PostgreSQL Write-Ahead Log
Every change to a PostgreSQL database — every INSERT, UPDATE, DELETE, every page split,
every catalog change — is first written to the Write-Ahead Log before the corresponding
data page is modified. The WAL is the source of truth for crash recovery, the substrate
for streaming replication, the source of physical backups via pg_basebackup,
and the substrate for logical decoding (CDC). It lives as a stream of 16 MB files in
pg_wal/, organized by 64-bit Log Sequence Numbers (LSNs). This page traces
the WAL from a single backend's XLogInsert through the wal_writer, the
checkpointer, archiving, streaming to replicas, and logical decoding for change data
capture.
WAL Pipeline
Key Numbers
Why a WAL
WAL Records and the LSN
Every change is a record; every record has a position.
A WAL record is a self-contained unit describing one logical change. The header includes:
XLogRecord (24 bytes): uint32 xl_tot_len - total record length TransactionId xl_xid - transaction this record belongs to XLogRecPtr xl_prev - LSN of the previous record (chain) uint8 xl_info - flags (commit, abort, info bits) RmgrId xl_rmid - resource manager (heap, btree, hash, …) pg_crc32c xl_crc - CRC of the record
Each resource manager defines its own record types.

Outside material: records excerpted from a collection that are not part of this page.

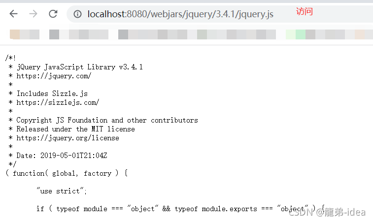 访问:http://localhost:8080/webjars/jquery/3.4.1/jquery.js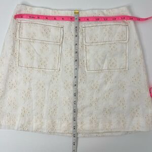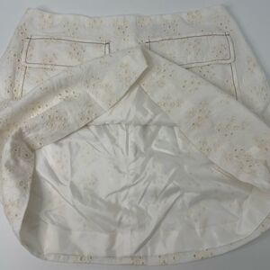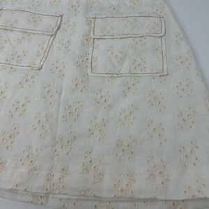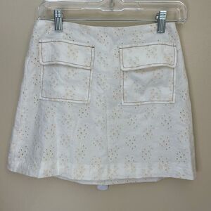 Super cute floral Embroidered mini skirt, has a silky lining on inside, with two front pockets and discrete zipper in back.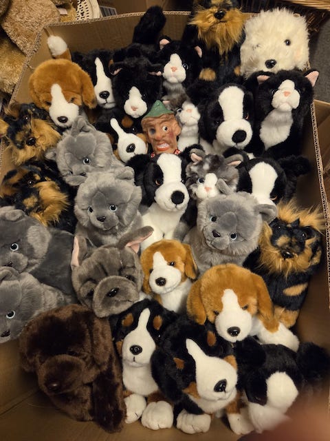 Ah, Ah, j’imagine ses gros yeux ronds de surprise quand il découvrira que j’ai glissé un intrus dans le big ++ carton de chiens et chats en peluche !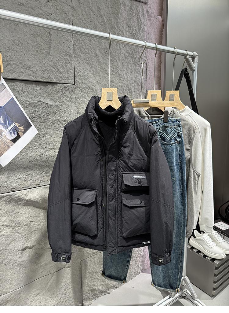 品質のシンボル! 杭州の高さ90% 白鴨絨毛秋冬装質感工装男性立襟ダウンジャケット潮002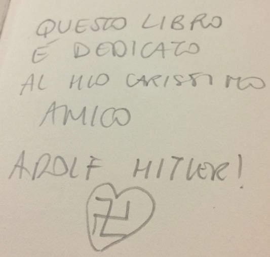 La frequentatrice di una biblioteca comunale di Milano, sfoglia un libro in esposizione dedicato alla Shoah e in prima pagina trova la scritta: “Questo libro è dedicato al mio carissimo amico Adolf Hitler“, con disegnata una svastica all’interno di un cuore.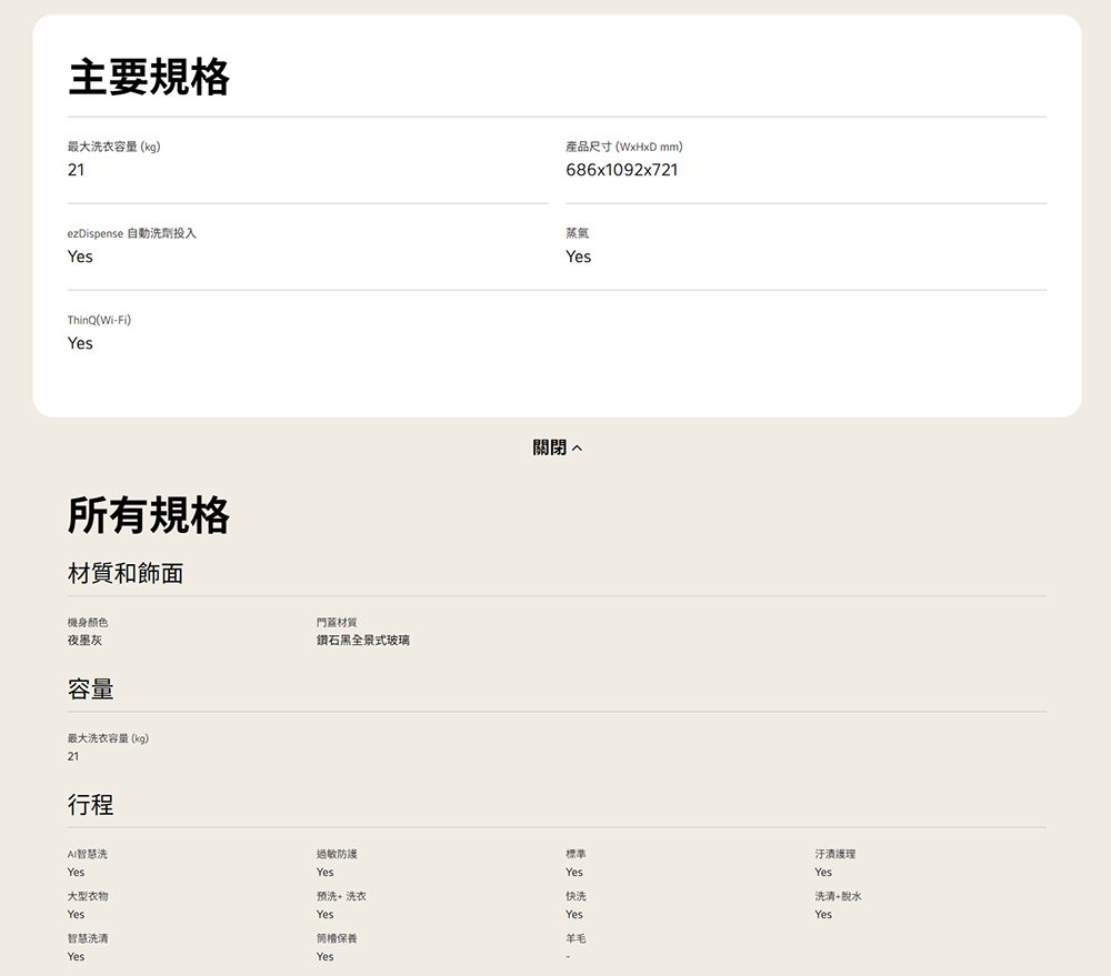 洗衣容量(公斤):21

Heap manages: HEAP_INSERT, HEAP_UPDATE, HEAP_DELETE, HEAP_LOCK. Btree: BTREE_INSERT_LEAF, BTREE_SPLIT, BTREE_DELETE. Transaction commit/abort: XLOG_XACT_COMMIT, XLOG_XACT_ABORT. Each carries type-specific data needed to redo the change during replay.
LSN (Log Sequence Number) is a 64-bit byte offset into the conceptual infinite WAL stream.
Format: XX/YYYYYYYY, e.g. 0/3000148. LSNs are globally
monotonic — every record gets a strictly greater LSN. PostgreSQL exposes the current LSN
via pg_current_wal_lsn().
WAL Levels: minimal, replica, logical
How much information goes into the log.
wal_level controls verbosity:
minimal — only enough for crash recovery on this server.
Bulk operations (CREATE TABLE AS, COPY) skip WAL entirely
(just write to disk + fsync at end). Cheapest, but no
streaming replication, no archiving useful for replication.
replica — adds enough to drive streaming replicas and PITR.
Bulk operations now do log records. Default since PG 10.
logical — adds row-level details (full rows or modified columns)
required for logical decoding. ~10-20% more WAL volume.
Required for logical replication slots, debezium, etc.
Most installations use replica. Set logical proactively if you
ever expect to use logical replication, CDC, or AWS DMS — the storage cost is small and
changing requires a restart.
WAL Buffers and the wal_writer
Decoupling the backend's commit from the disk fsync.
Backends call XLogInsert to add a record. The record is copied into the WAL
buffers in shared memory — fast, no I/O. The function returns the new LSN. The backend
continues with its work; if it's a transaction commit, the backend now waits for the WAL
up to that LSN to be durably written.
The wal_writer process writes WAL buffers to pg_wal/ files.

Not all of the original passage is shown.